Monday, December 06, 2004

All Hail the (Crimson) King of Literature(?)

My sister and I read Stephen King when we were in high school. What he lacks as a master of literature he makes up for as master of mounds and mounds of fire fuel er, I mean, books. The guy writes a lot. I haven't read a Stephen King book in years... EXCEPT the Dark Tower series which is Stephen King minus some of the blood, guts, and horror of his usual works (not to say that the books in the Dark Tower series do not have bloody scenes, they do; it's just that this series of books are more apt to be described as fantasy fiction than horror fiction). Over the years, I have definitely left the horror side of fiction behind (don't know why I even read it in the first place... I'm what you would call a voracious reader... I will read just about anything that I can get my hands on... thank God I have grown to be a little more discerning as I have left adolescence behind:). But I have continued to read the Dark Tower series because I WANTED TO KNOW HOW IT ENDS! That's it. And, so, a few weeks ago, my sister lent me her copy of the final installment in the series (aptly titled "The Dark Tower", creative, huh?) Now I can get through a Stephen King book in a few days (sometimes a few hours), I'm just a very fast reader (good when I was in college, bad when I am trying to savor a book). And, obviously Tolkien he ain't, so it's a pretty easy read. I finished it. I will not give away the ending here (although I don't know how many of my blog readers are avid Stephen King readers) but I do want to comment on it, at least a little bit.
I can see where fans of Stephen King, and fans of the Dark Tower series especially (keep in mind that he started the first book in the 70's, and just recently published the last book) may not have been thrilled with the ending. I would like to remind them that ka is a circle and that Roland still needs to come to terms with his past. He needs to forgive himself and that is why he is still in the circle. Maybe the next time around, Roland will actually find what he is looking for... (remember, I don't want to give away the ending:), but I thought the ending made total sense. And, anyway, real life (which this books is so far from) isn't about happy endings. In fact, I usually respect an author more if the ending is not what I suspected or it isn't some Hallmark contrived commercial ending where everyone is happy, happy happy! Thanks for reading...

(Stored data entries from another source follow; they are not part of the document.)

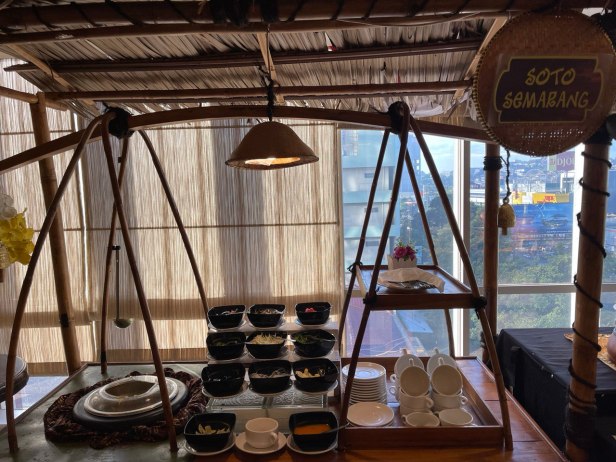 Keesokan harinya, kita ke lantai 6 untuk makan pagi. Untung banget kita pergi makan agak pagian sekitar jam 7 pagi. Soalnya pas kita mau keluar sekitar jam 8, itu udah rame banget. Jadi kayak harus ngantri walaupun gk lama untuk ambil makanan atau minuman maupun untuk tempat duduk. Jadi pas rame, kita udah selesai dan sekalian gentian sama yang lain. Makanannya lumayan enak dan pilihannya juga lumayan bervariasi. Aku nyobain soto Semarangnya dan bubur ayam (menu yang hamper selalu ada di hotel di Jawa).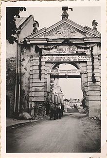 Приветственный лозунг ОУН(б) июль — начало сентября 1941 года на Глинских воротах замка в г.Жовква Львовской обл. Текст (сверху вниз) — «Слава Гитлеру! Слава Бандере! Да здравствует независимая Украинская соборная Держава! Да здравствует Вождь Ст. Бандера! Слава Гитлеру! Слава непобедимым немецким и украинским вооружённым силам! Слава Бандере!»![]()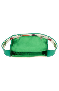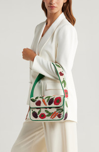 Beaded with a playful motif and edged with faux-leather piping, this shoulder bag brings a cheery, retro vibe to your look. Magnetic-snap flap closure Shoulder strap Exterior magnetic-snap slip pocket Interior zip pocket Lined Glass/textile/faux leather Imported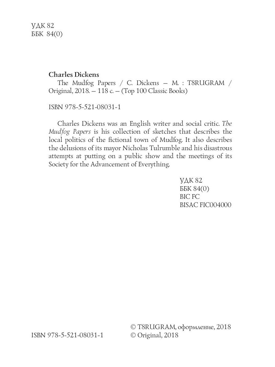 Charles Dickens was an English writer and social critic. The Mudfog Papers is his collection of sketches that describes the local politics of the fictional town of Mudfog. It also describes the delusions of its mayor Nicholas Tulrumble and his disastrous attempts at putting on a public show and the meetings of its Society for the Advancement of Everything.| Издательство | Т8 RUGRAM |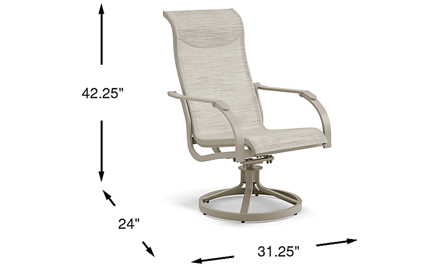 With its smooth swivel and rocking motion, the Windy Isle chair is made for enjoying relaxing outdoor meals, refreshments and conversation. The chair is crafted with a sand finished rust resistant aluminum frame and durable sling style seating.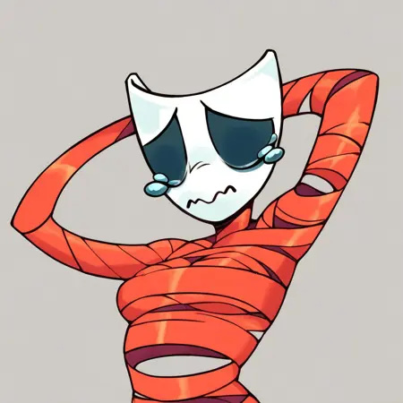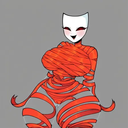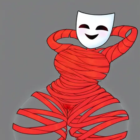 Gangle_(tadc), Female, body made of ribbon, mask for a head,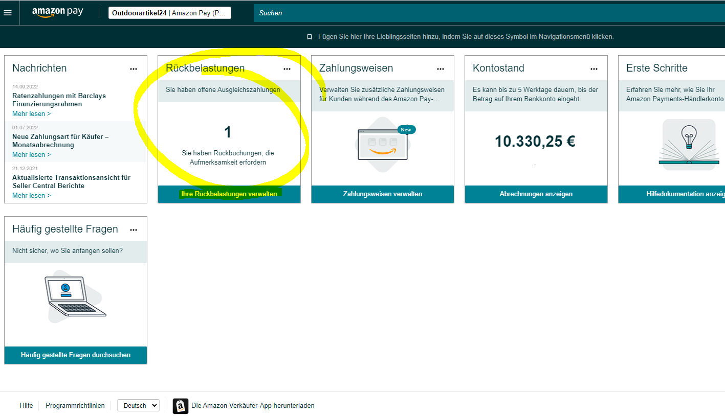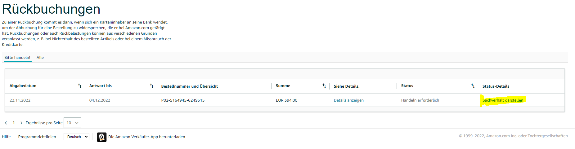 Ein Amazon Pay Rückbuchungskonflikt wird vom Kunden eröffnet. Dies kann sein weil:

***NOTE*** I wrote this while I was subbing sixth grade science (during my break). Please forgive me if it sounds a bit random and all over the place.

4 comments:

Karl Thienes said...

Christina,

Check out Raphael's blog, especially this post:

http://iamasheep.blogspot.com/2004/12/horror-and-orthodoxy.html

raphaelthesinner said...

Thanks to Karl for mentioning my blog.
Christina,
I was sorry to read that you eschew horror. To get a really full view of The Dark Tower series, I would suggest reading Insomnia and Black House at a minimum.

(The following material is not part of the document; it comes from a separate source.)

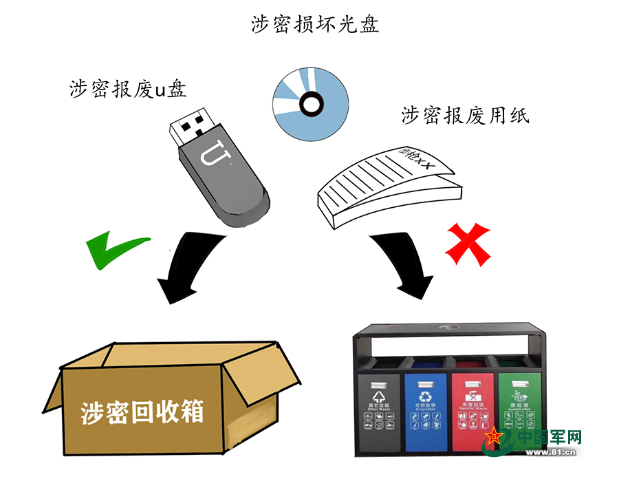 针对涉密物品管理,他们建立了涉密回收箱制度,规定日常工作中产生的废纸、损坏的硬盘U盘、用过的光盘等都要统一回收处理。

I would argue that King at his best is just as good as Tolkien. The Wizard's Glass is one of the few books that really moved me. King's greatest strength, IMHO, is his characters. The are real people. And Susan Delgado's death nearly moved me to tears, both for the loss of such a beautiful person and Roland's grief.

I also think the way Dark Tower ended is very appropriate.

Christina said...

raphael... thanks for the post. After reading the last Dark Tower book I pretty much decided that I will probably have to read Insomnia (because of all the references to it). I will also check out the other book you mentioned. I stopped reading the more gruesome horror books because I am too visual of a person and I would scare myself so much that I couldn't sleep at night:) But that's why I enjoy the Dark Tower books (which I believe they are definitely King at his best)... King's writings without the scary horror. And I am sorry to see the series end. But I look forward to reading them over again in the years to come.